* [Brief]:
Extract the lines up to and including the one that contains "SIKORA LB33-10 klassischer", starting with the first line of the entries below, and omit the pictures.

* [Record set]:
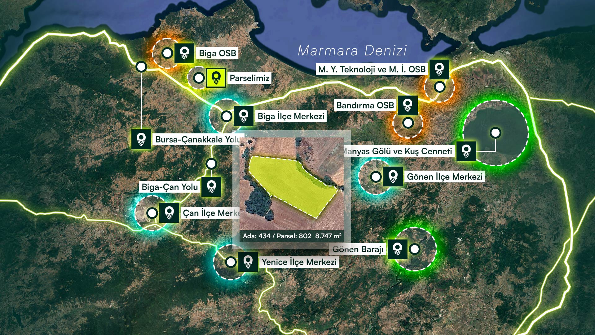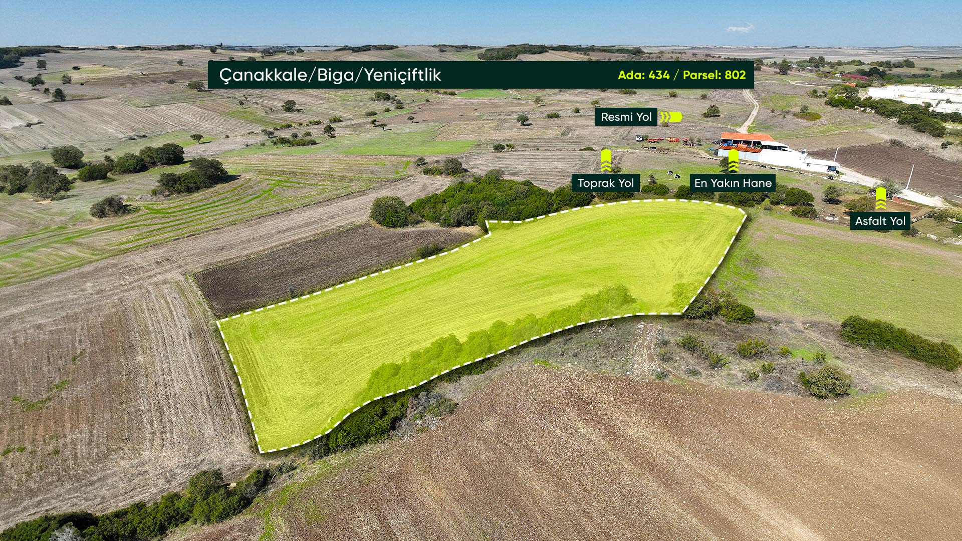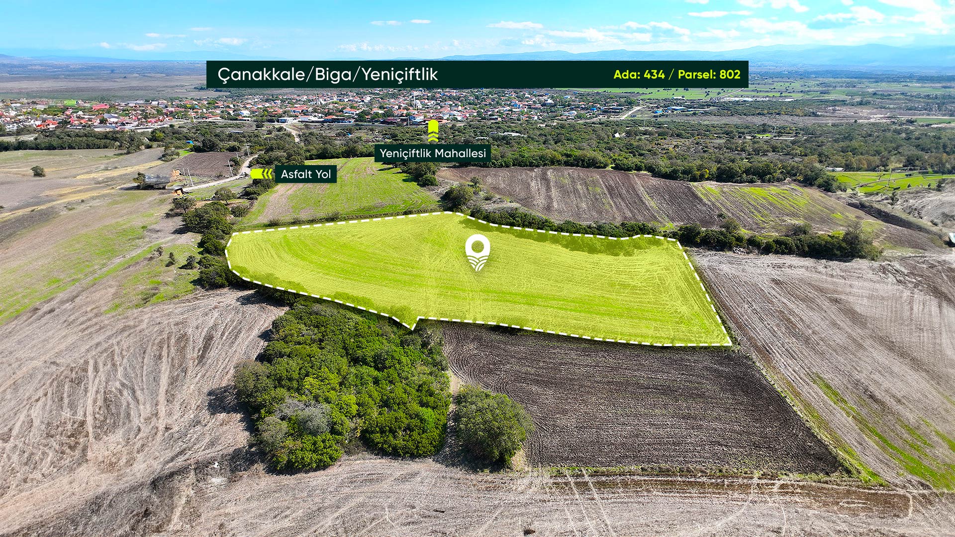 Çanakkale Biga Yeniçiftlik’te İmara Sınır, İlçe Merkezine Yakın, 8.747 m² Tarla
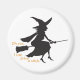 A silhouette of a witch on a broom with the words in orange "Oh yes, I can drive a stick."
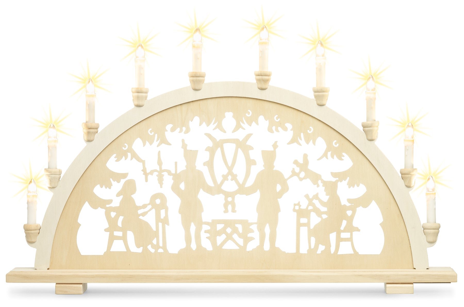 SIKORA LB33-10 klassischer XXL Holz Schwibbogen 10-flammig beleuchteter Lichterbogen Motiv BERGMANN Deko Weihnachten Breite ca 71 cm
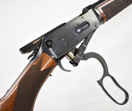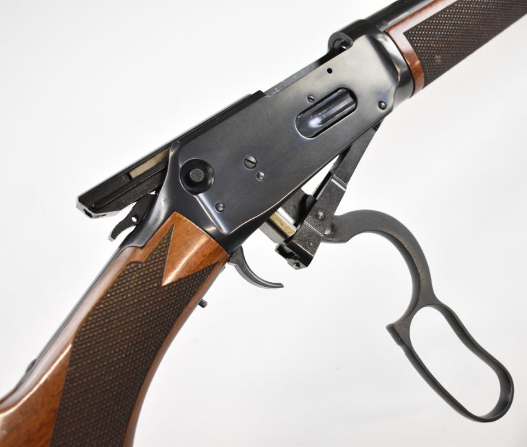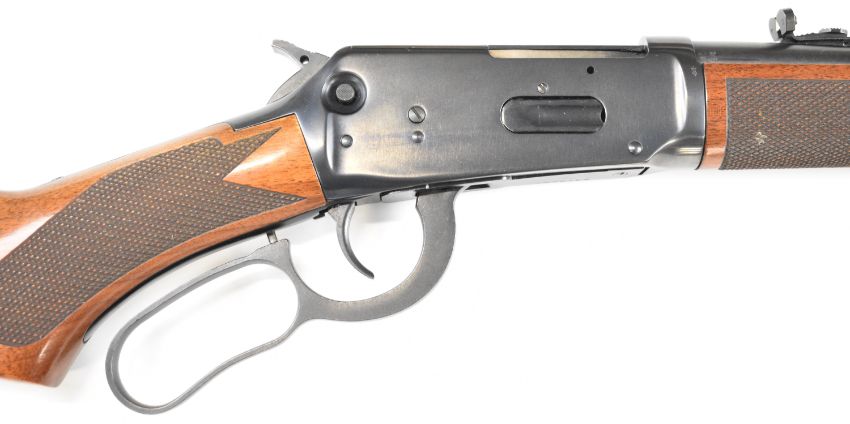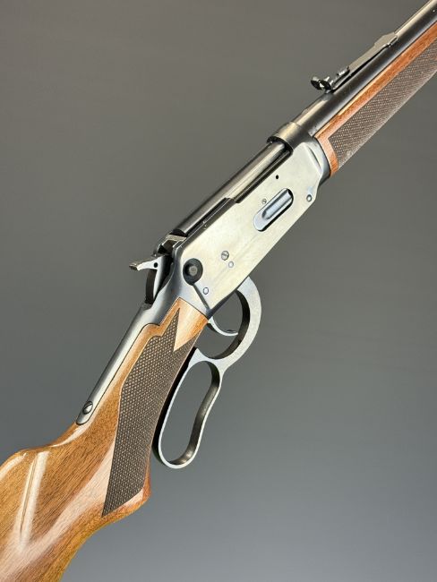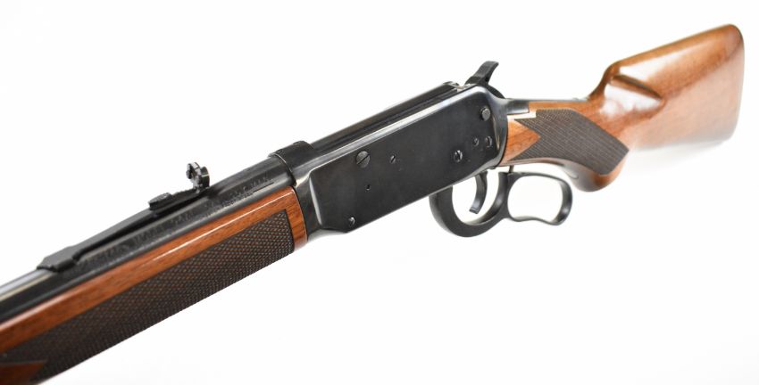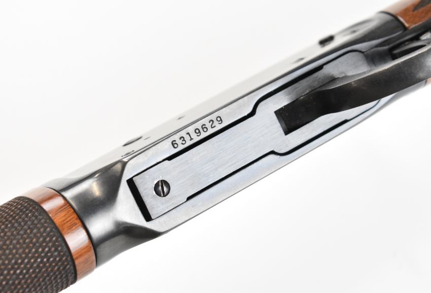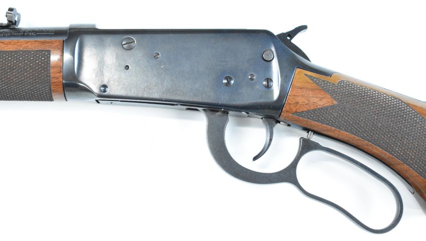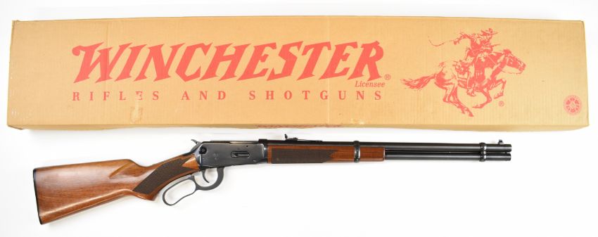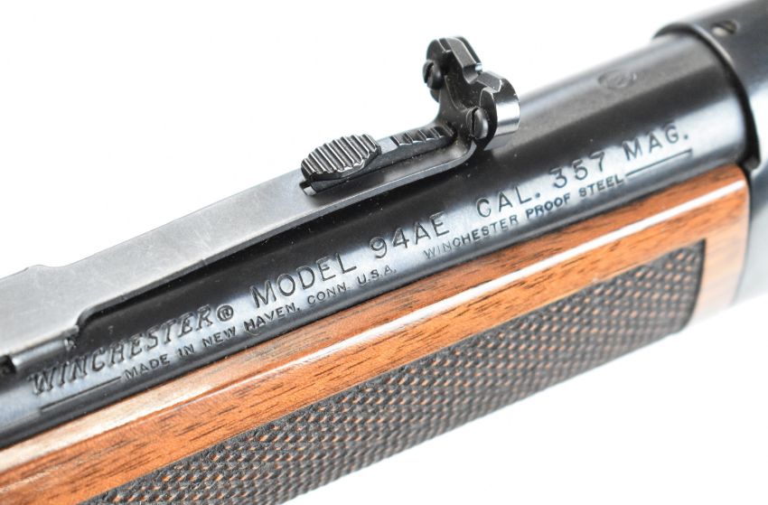 Winchester Model 94AE .38/ 357 underlever action rifle with chequered grip and forend, adjustable sights and 20 inch barrel, overall length 96.5cm, serial number 6319629, in original box with instruction manual and related paperwork. PLEASE NOTE THAT A VALID RELEVANT FIREARMS CERTIFICATE IS REQUIRED TO VIEW OR PURCHASE THIS LOT AND FOR ALL SHOTGUNS OR RIFLES PLEASE ENSURE YOU HAVE THE RELEVANT CERTIFICATE BEFORE BIDDING.
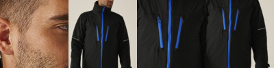 Warm-backed woven Softshell XPT waterproof and breathable. 3-layer wind-resistant membrane fully printable fabric. Inner zip guard. 2 zipped lower pockets and 1 zipped chest pocket.
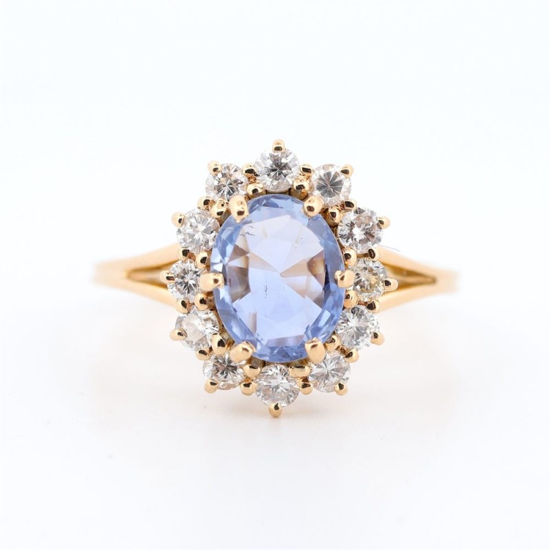 Bague marguerite en or jaune sertie au centre d'un rare saphir de forme ovale de 2.75 carats environ, d'un très beau bleu, et entouré de 12 diamants taille brillant. (mise à taille possible)
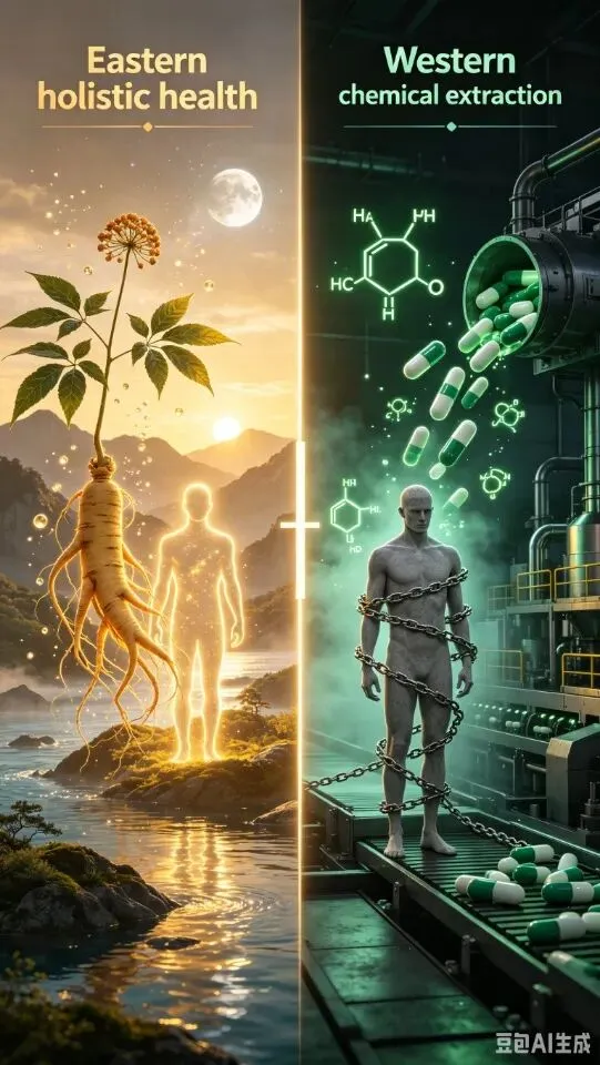 西方化工萃取养生,彻底悖离自然本源,割裂天地人合一的共生之道,与人体先天天性全然相悖,是逐末而舍本的虚妄之法,如同生灵陷入横向低维桎梏,彻底背离天道规律;东方养生坚守草本根茎核心,扎根木本大道,上循仓颉文字本源、下承中华千年养生智慧,以草木根本连通天地灵气,以自然原生之力涵养身心,守养生真根、行天地正道,回归天人合一的本然生命境界。
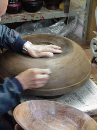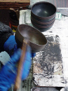 下地が固まった後に研いでいる写真です。 面を比較的平らにする事と次の漆塗りの密着を 良くするためです。 |

* [Response]:
 Çanakkale Biga Yeniçiftlik’te İmara Sınır, İlçe Merkezine Yakın, 8.747 m² Tarla
 A silhouette of a witch on a broom with the words in orange "Oh yes, I can drive a stick."
 SIKORA LB33-10 klassischer XXL Holz Schwibbogen 10-flammig beleuchteter Lichterbogen Motiv BERGMANN Deko Weihnachten Breite ca 71 cm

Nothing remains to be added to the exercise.